## WORK TO BE COMPLETED
Transcribe nothing but the lines from the one with "Zoe Saldaña appears" to the end of the entries, both included, keeping each exact and leaving every picture out.

---------- PROVIDED DATA

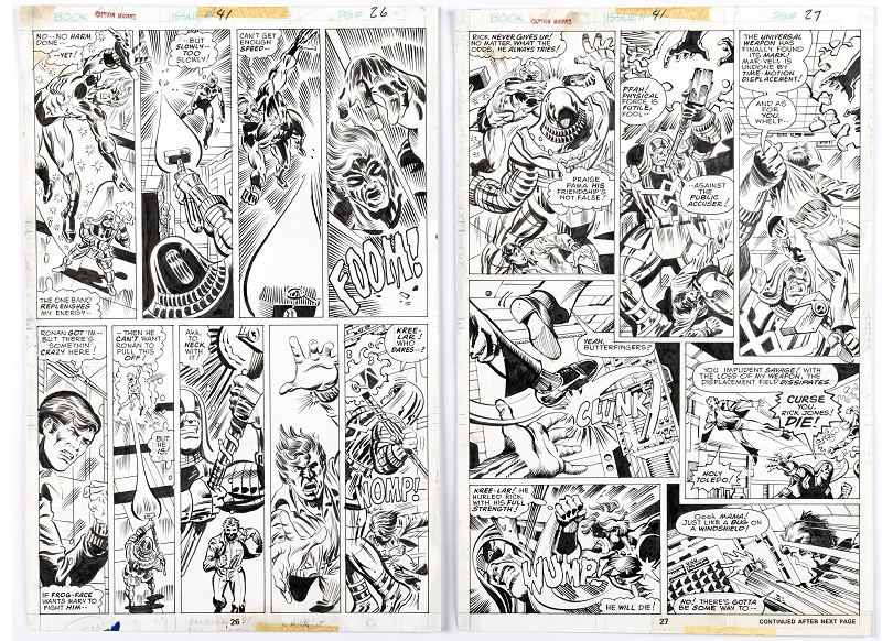 In the original art auction, Heritage has Felipe Massafear’s Lobo illustration that captures the Last Czarnian’s brute strength and bad attitude. Al Milgrom’s Captain Marvel #41 story pages 15-16 presents the sequence when the Kree Supreme Intelligence separates Mar-Vell and Rick Jones, leaving each with one Nega-Band.
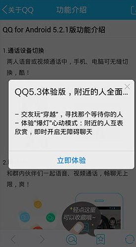 安卓版手机QQ5.3体验版继续在陌生人交友方面深度耕耘,
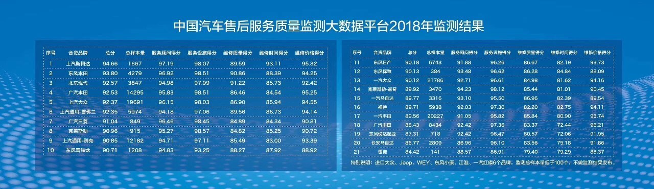 本次发布的“2018互联网+中国汽车售后服务质量消费者体验年度报告”,基于“中国汽车售后服务质量监测大数据平台(CADA云数据)”27万条有效样本,通过服务顾问、服务设施、维修质量、维修时间、维修价格五个维度共71项指标对服务商(包括4S店、社会维修店等)提供的服务进行体验评价。上汽斯柯达凭借在售后领域出众的表现以94.66分的总分在合资品牌组中位列第一。
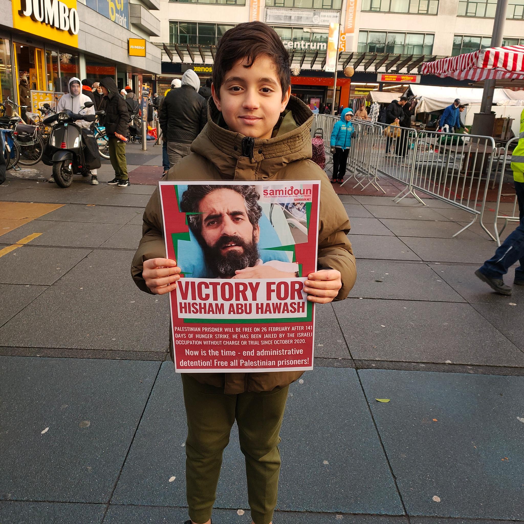 A 12-year-old Palestinian child, Lara, from Gaza, spoke at the event, recalling the story of Abu Hawash’s hunger strike as well as other recent Palestinian hunger strikers who won their freedom from administrative detention. She declared, “We are gathering in support of all of our prisoners who continue their struggles in different ways, not least of which is the battle of empty stomachs.”
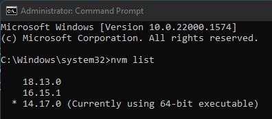 Um comando útil é o nvm list, que exibirá todas as versões do Node instaladas na sua máquina. Ele também indicará qual versão está sendo utilizada atualmente, mostrando um 🞷 na frente do número da versão.
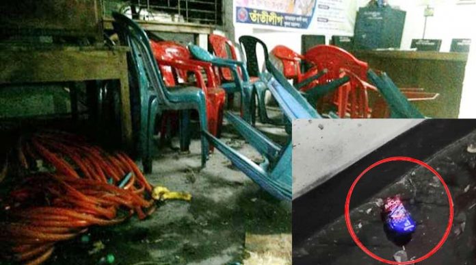 স্থানীয়রা জানান, মাগরিবের নামাজের আগে শিরোমণি আওয়ামী লীগের দলীয় কার্যালয়ে থানা আওয়ামী লীগের সভাপতি শেখ আবিদ হোসেন ও দলের নেতৃবৃন্দ অবস্থান করছিলেন। তিনি মহানগর আওয়ামী লীগের বর্ধিত সভায় যোগদানের উদ্দেশ্যে রওনা হওয়ার কিছু সময় পর কার্যালয়ের মধ্যে হঠাৎ বিকট শব্দে বিস্ফোরণ ঘটে। এতে কার্যালয়ের মধ্যে থাকা চেয়ার, টেবিল দুমড়ে-মুচড়ে ক্ষয়ক্ষতি হয়। ঘটনাস্থলে বিয়ারিং এর টুকরা, স্পাইটের বোতল ও তারসহ কিছু আলামত দেখা যায়। উপস্থিত জনতা জানান, ‘প্যান্ট পরিহিত মধ্য বয়েসি এক ব্যাক্তি দলীয় কার্যালয়ের মধ্যে একটি ব্যাগ রেখে চলে যাওয়ার সময় তাকে জিজ্ঞাসা করি ব্যাগের মধ্যে কি আছে। তিনি কলা আছে বলে টয়লেট করার কথা বলে চলে যাওয়ার কিছু সময় পরে এই বিষ্ফারণের ঘটনা ঘটে’। সুমন জানায় ব্যাগের মধ্যে বিস্ফোরন জাতীয় কিছু রেখে যাওয়ায় এই ঘটনা ঘটেছে। পুলিশের পক্ষ থেকে জানানো হয়েছে, রিমোর্ট কন্ট্রোলের সাহায্যে শক্তিশালী বোমাটির বিস্ফোরণ ঘটানো হয়েছে। বোমা হামলার স্থলটি ঘেরাও করে রেখেছে পুলিশের ক্রাইমসিন ইউনিট।
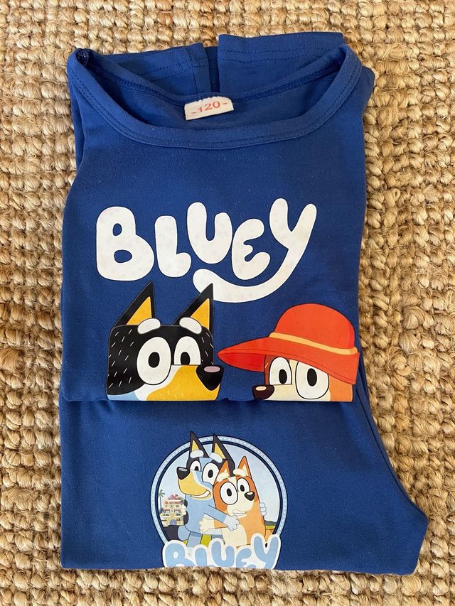 Pijama infantil del personaje Bluey, talla 120 cm. - Color azul. - Diseño con los personajes de Bluey. - Buen estado.
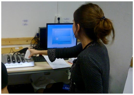 The skin analysis was carried out by the Multi Skin Test Center MC 900 and the software Complete Skin Investigation CSI from Courage + Khazaka electronic GmbH (Cologne, Germany). The parameters “moisture”, “oil level”, and “TEWL” were recorded in the “individual measurement” programme. The classification and evaluation of the results were conducted with the reference values provided by the manufacturer, and had been determined on the basis of scientific studies. These values were conducted under the following room conditions: room temperature of 20 °C and humidity of 40–60% []. After each measurement was taken, the probes were cleaned and disinfected with a soft cloth as recommended by the manufacturer.
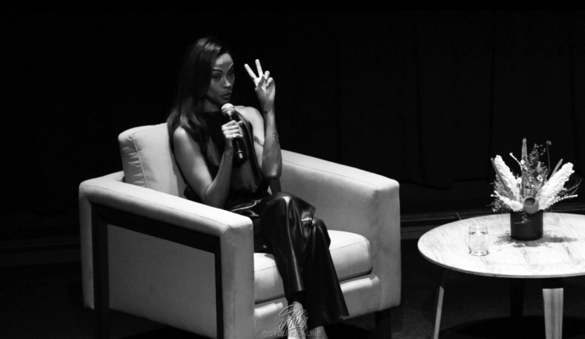 Zoe Saldaña appears to be giving a cheeky peace symbol but is describing how ‘subtitles are sometimes uncomfortable to watch..’ in her foreign language films. Representing the Canadian premiere of Emilia Pérez (2024) at the 49th Toronto International Film Festival (TIFF) in Toronto, Canada (September 5th – 15th, 2024), this conversation needed to happen.
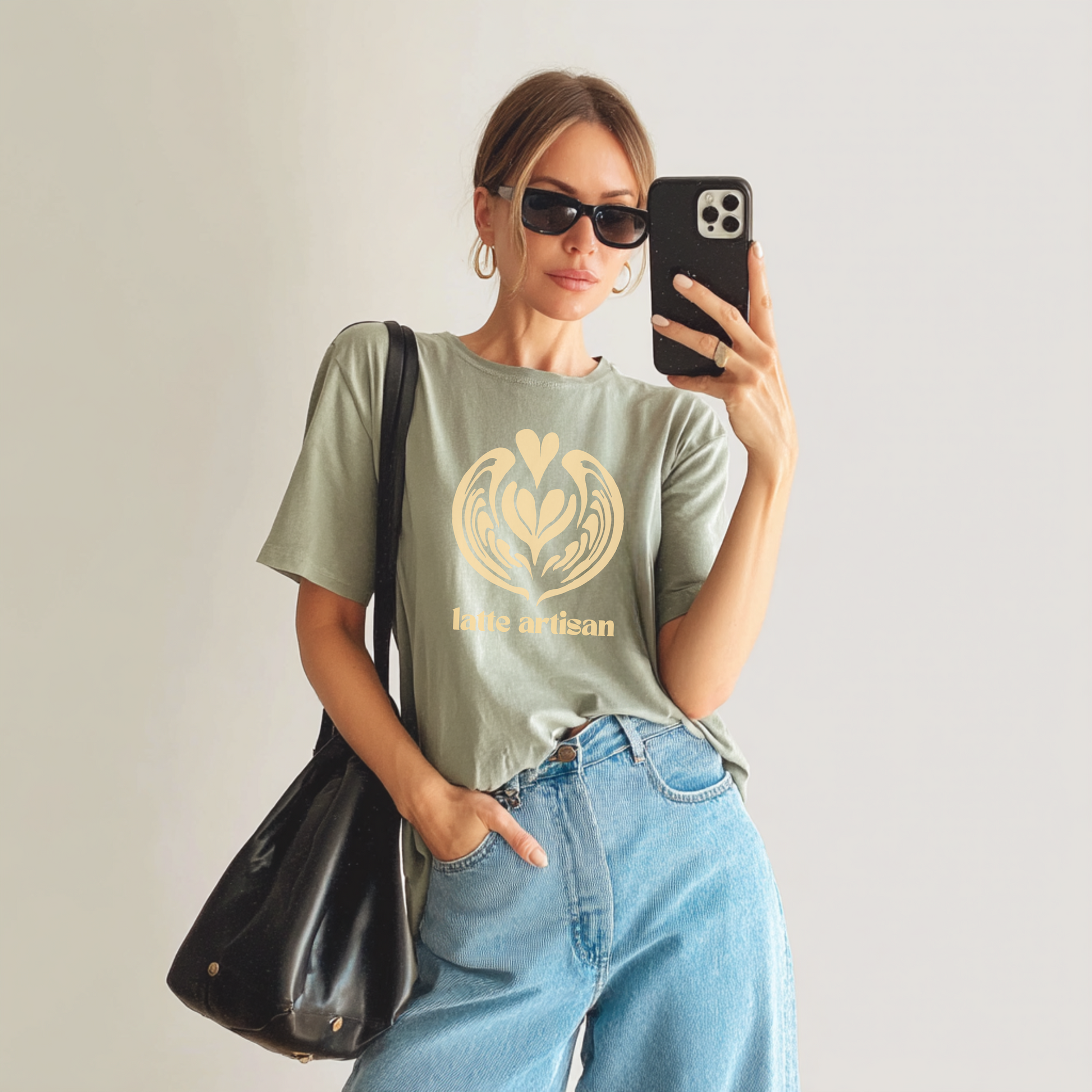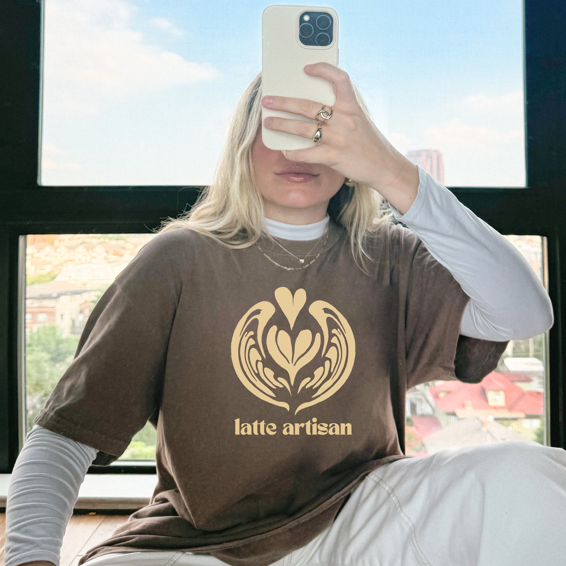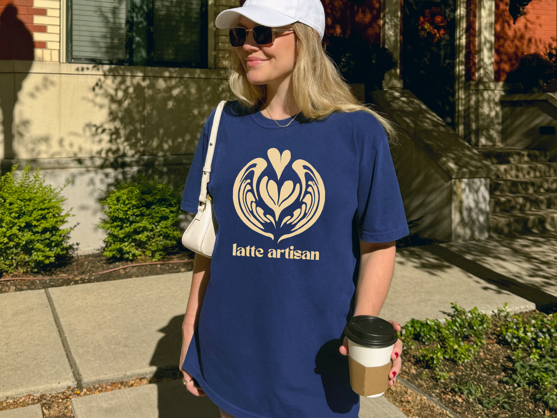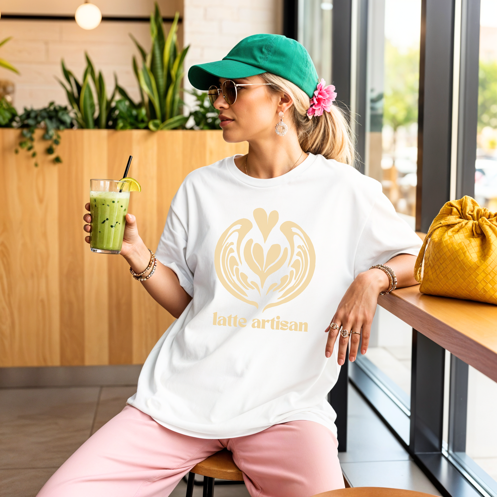 For those who treat their morning brew like a masterpiece. Our “Latte Artisan” tee is made for coffee lovers who know that crafting the perfect cup—especially with that silky swirl of latte art—isn’t just a routine; it’s an art form.
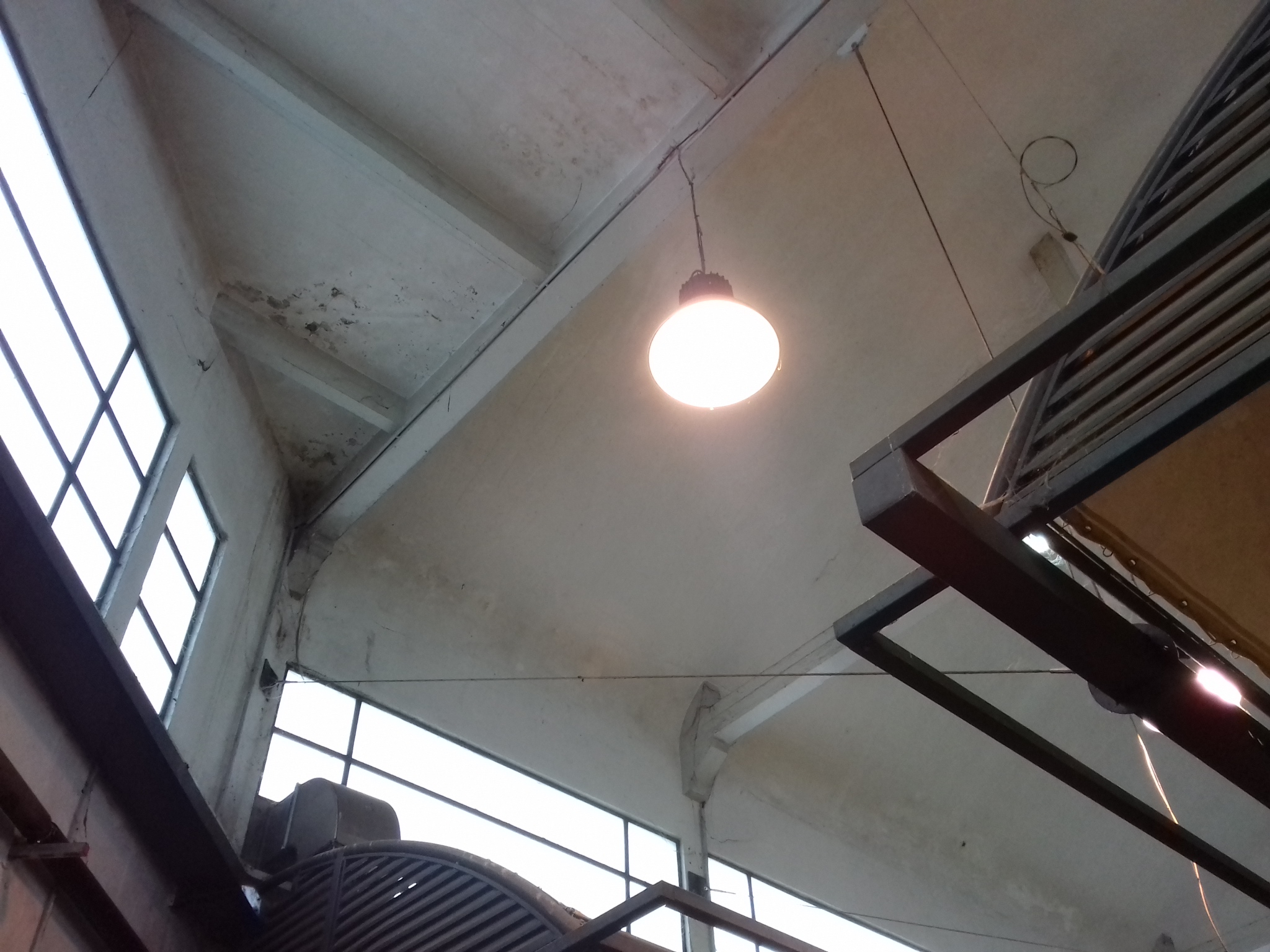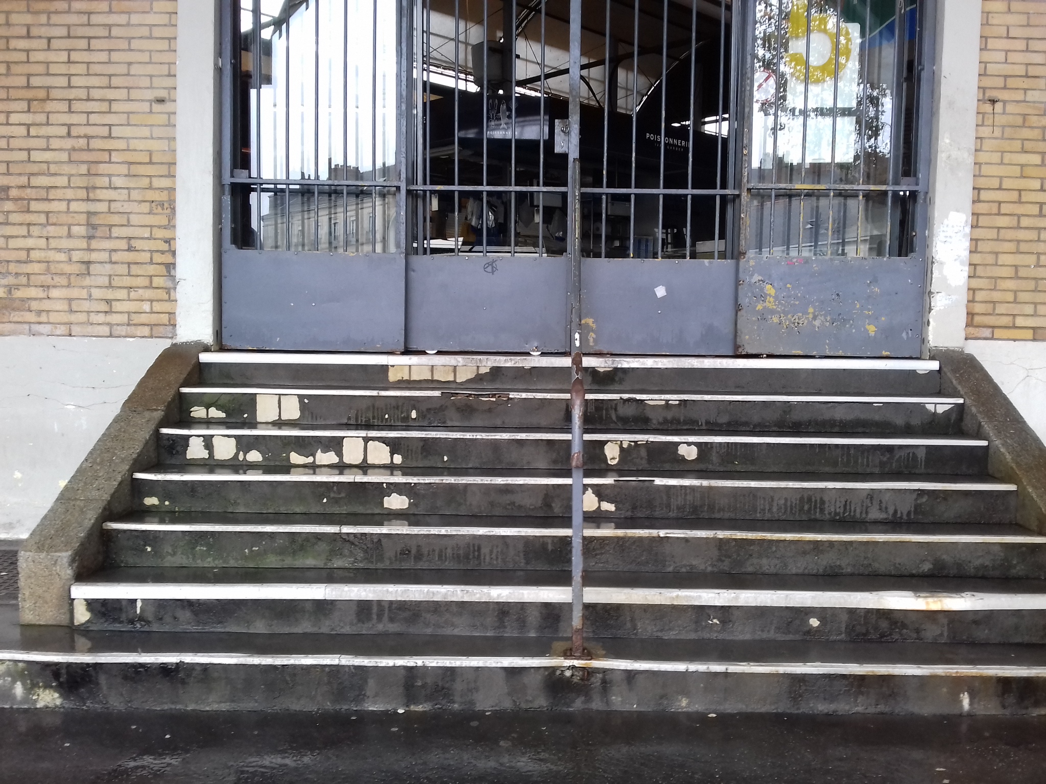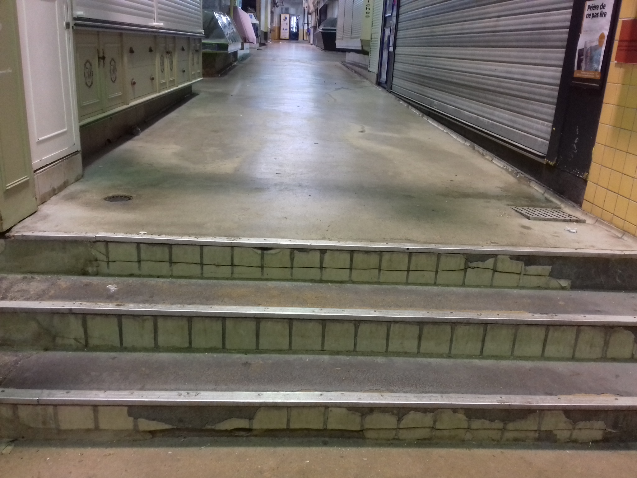 Il y a aussi beaucoup à dire sur le bâtiment du marché, pourtant restauré et mis aux normes en 2003-2004, il y a maintenant un quart de siècle. En bas du marché, face à la ville, le visiteur est accueilli par des marches au carrelage en grande partie écaillé. C’est le cas aussi pour les volées de marches intérieures. Plus haut, un néon tombé pendouille, au niveau d’une porte. Entre les bancs, de la rouille au côté droit d’un extincteur.

--------------------

## ANSWER TO THIS EXERCISE
 Zoe Saldaña appears to be giving a cheeky peace symbol but is describing how ‘subtitles are sometimes uncomfortable to watch..’ in her foreign language films. Representing the Canadian premiere of Emilia Pérez (2024) at the 49th Toronto International Film Festival (TIFF) in Toronto, Canada (September 5th – 15th, 2024), this conversation needed to happen.
 For those who treat their morning brew like a masterpiece. Our “Latte Artisan” tee is made for coffee lovers who know that crafting the perfect cup—especially with that silky swirl of latte art—isn’t just a routine; it’s an art form.
 Il y a aussi beaucoup à dire sur le bâtiment du marché, pourtant restauré et mis aux normes en 2003-2004, il y a maintenant un quart de siècle. En bas du marché, face à la ville, le visiteur est accueilli par des marches au carrelage en grande partie écaillé. C’est le cas aussi pour les volées de marches intérieures. Plus haut, un néon tombé pendouille, au niveau d’une porte. Entre les bancs, de la rouille au côté droit d’un extincteur.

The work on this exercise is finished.